Unable to load checkpoint loader during cross site validation


During cross-validation, we are referencing the checkpoint loader in config_validation.json

    "name": "CheckpointLoader",
    "args": {
      "load_path": "{MMAR_VAL_CKPT}",
      "load_dict": ["model"]

Note on deploying the MMAR to the client the model.pt is present under the models folder. However, we still receive the following error during cross-validation

2021-06-08 17:39:27,829 - ignite.engine.engine.SupervisedEvaluator - INFO - Engine run resuming from iteration 0, epoch 0 until 1 epochs
2021-06-08 17:39:27,829 - ignite.engine.engine.SupervisedEvaluator - ERROR - Engine run is terminating due to exception: [Errno 2] No such file or directory: '/tmp/tmp5k77tgdg/mmar/models/model.pt'
2021-06-08 17:39:27,829 - ignite.engine.engine.SupervisedEvaluator - ERROR - Exception: [Errno 2] No such file or directory: '/tmp/tmp5k77tgdg/mmar/models/model.pt'
Traceback (most recent call last):
  File "/opt/conda/lib/python3.8/site-packages/ignite/engine/engine.py", line 737, in _internal_run
  File "/opt/conda/lib/python3.8/site-packages/ignite/engine/engine.py", line 424, in _fire_event
    func(*first, *(event_args + others), **kwargs)
  File "/opt/monai/monai/handlers/checkpoint_loader.py", line 92, in __call__
    checkpoint = torch.load(self.load_path, map_location=self.map_location)
  File "/opt/conda/lib/python3.8/site-packages/torch/serialization.py", line 579, in load
    with _open_file_like(f, 'rb') as opened_file:
  File "/opt/conda/lib/python3.8/site-packages/torch/serialization.py", line 230, in _open_file_like
    return _open_file(name_or_buffer, mode)
  File "/opt/conda/lib/python3.8/site-packages/torch/serialization.py", line 211, in __init__
    super(_open_file, self).__init__(open(name, mode))
FileNotFoundError: [Errno 2] No such file or directory: '/tmp/tmp5k77tgdg/mmar/models/model.pt'

Please find the detailed logs attached.
We have previously raised a similar issue but haven’t received any useful input - please help as this is a blocker.

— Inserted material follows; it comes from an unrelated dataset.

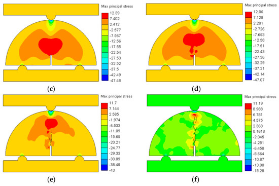- During the loading process, the tensile stress concentration zone of the SCB specimen generates and grows at the notch tip of the specimen. The tensile stress concentration zone of specimens presents a heart shape at peak load. After macro cracks were generated, the maximum tensile stress concentration zone moves upward with crack propagation.

lesion-activity-cross-validation-ClientA(true) (145.4 KB)
lesion-activity-cross-validation-ClientB(true) (100.6 KB)
lesion-activity-server-cross-validation(true) (13.6 KB)

Hi Siddharth,

Can you possibly share your MMAR? It would allow us to investigate the issues with configuration.


Please find MMAR: adminMMAR.zip - Google Drive

The issue is CheckpointLoader configuration:

When running cross site validation, validation is launched with following args:
mmar: temp_mmar_dir, config: config/config_validation.json, MMAR_CKPT_DIR: models, MMAR_CKPT: models/{model_name}

The last argument is important. This is the name of the model copied from the shareable to the temporary directory.
However, in your configuration, you are using:
“name”: “CheckpointLoader”,
“args”: {
“load_path”: “{MMAR_VAL_CKPT}”,
“load_dict”: [“model”]

So the checkpointloader in config_validation.json completely ignores the MMAR_CKPT and instead uses MMAR_VAL_CKPT causing the error.

The fix is to use:
“name”: “CheckpointLoader”,
“disabled”: “{dont_load_ckpt_model}”,
“args”: {
“load_path”: “{MMAR_CKPT}”,
“load_dict”: [“model”]

This is a current limitation we will remove in future. Right now, CheckPointLoader in cross site validation must use MMAR_CKPT as load_path. We will check our documentation and enhance it if this is not captured.

Can you please try changing the CheckpointLoader configuration in config_validation.json and give this another try?

Thank you, this fixes it. Much appreciated!